La Transfiguration, ultime chef-d’œuvre de Raphaël, le Laocoon, l’Agneau mystique de Van Eyck, les cycles de la Passion peints par Rubens ou Rembrandt. Il fut une époque bénie où ces œuvres, venues de Rome, des Flandres ou de Munich, étaient réunies au Louvre, par la grâce des expéditions napoléoniennes. Cet épisode a ressurgi la semaine dernière à Venise, le temps d’un colloque de l’Institut national du patrimoine avec l’Académie des sciences, des lettres et des beaux-arts.
Plusieurs spécialistes des deux pays se sont interrogés sur les délicates relations que les grands musées entretiennent avec le pillage. Dans une ville comme Venise, c’était une gageure. Mais les intervenants ont su user d’un brin d’ironie. Françoise Mardrus, du Louvre, a parlé de «rapatriements» pour évoquer les expéditions de Milan ou Berlin, faisant soulever les sourcils de son voisin, le professeur Gennaro Toscano. Ces spoliations qui ne portaient pas leur nom se fondaient sur un discours né dès la Révolution, promettant le sauvetage des trésors de l’humanité, seule la France étant à même de les rendre à l’admiration des peuples. En 1798, une grande Fête de la Liberté salua l’arrivée triomphale des chevaux de Saint-Marc au Champ de Mars.

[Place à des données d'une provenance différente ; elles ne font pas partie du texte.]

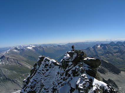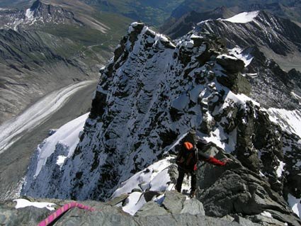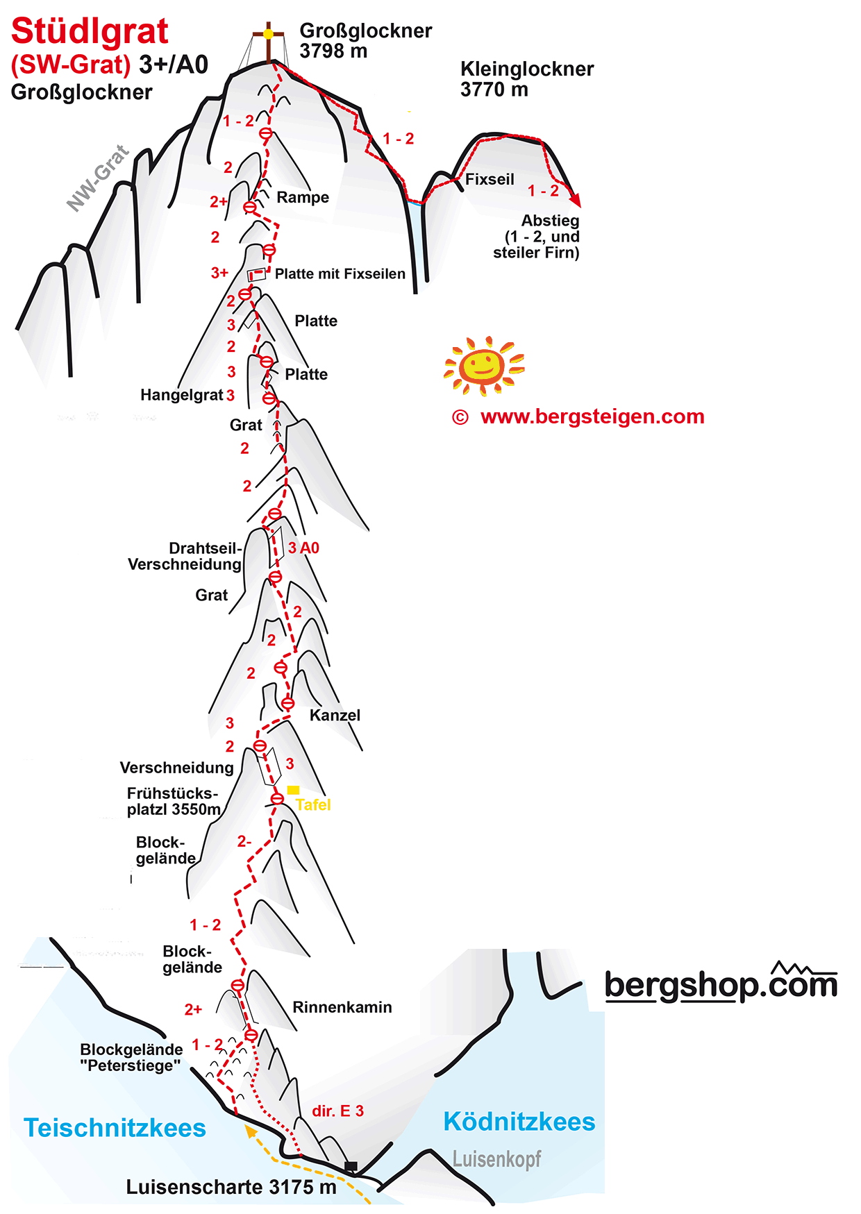 Der beste und beliebteste Gratanstieg auf den höchsten Berg Österreichs, fantastisch ausgesetzte Kletterei über den SW-Grat des Großglockners. Dieser hochalpine Anstieg auf den Glockner wird meist unterschätzt, Höhe, evtl. Vereisung und die Länge des Anstieges machen ihn zur ernsten Tour, obwohl die schwierigen Stellen oft Haken, Eisenstiften und sogar mit Drahtseilen entschärft wurden (Dies ist aber nur an kurzen Passagen der Fall - auch werden die Versicherungen von lokalen Bergführern oft verändert). Dieser Anstieg ist vor allem an schönen Herbstwochenenden zu empfehlen (meist wenig Schnee), bei schönem Wetter ist die Route fast immer überlaufen. Der Abstieg (2- und 40°) sollte vor allem bei großem Andrang zum Gipfel nicht unterschätzt werden, im Bereich des Glocknerleitls kommt es sehr oft zu stauähnlichen Zuständen.

Les départs des œuvres étaient négociés en dons, éventuellement dans les traités signés avec les principautés vaincues. Placé à la tête du Louvre de retour d’Egypte, Vivant Denon en fit une politique systématique, au point que pour Françoise Mardrus, ces prises «prenaient une importance plus grande que les victoires sur les champs de bataille». Rebaptisé musée Napoléon, le Louvre accueillit 5 000 chefs-d’œuvre. Le «rapatriement» aurait pu connaître une fin plus glorieuse si l’empereur avait respecté l’armistice de 1814, qui acceptait le maintien des œuvres exposées, seules celles en réserve étant restituées. Vivant Denon se dépêcha d’accrocher tout ce qu’il pouvait. Mais l’Histoire en voulut autrement. Un an plus tard, la France défaite fut forcée de rendre les 5 000 œuvres - sauf quelques échanges, comme les Noces de Cana tirées du couvent vénitien pour lequel Véronèse les avait peintes.
En fait, les historiens italiens ont eux-mêmes souligné que les Français avaient contribué à populariser en Europe la préservation du patrimoine et la naissance de musées. Ilaria Sgarbozza, de l’université de Pise, a ainsi évoqué l’ouverture à Rome des musées du Capitole et du Vatican. Installé sur le trône d’Espagne, le frère de Napoléon a encouragé la création du Prado. Le sujet n’est plus tabou : ayant longtemps dirigé le département gréco-romain du Louvre, Alain Pasquier a reconnu que l’historique du nombre d’œuvres pouvait être assez obscur. Dans un discours pétri d’indulgence pour les forbanteries du passé, il a appelé à jeter un regard pacifié sur une tradition remontant à l’Antiquité, qui n’est aujourd’hui plus de mise.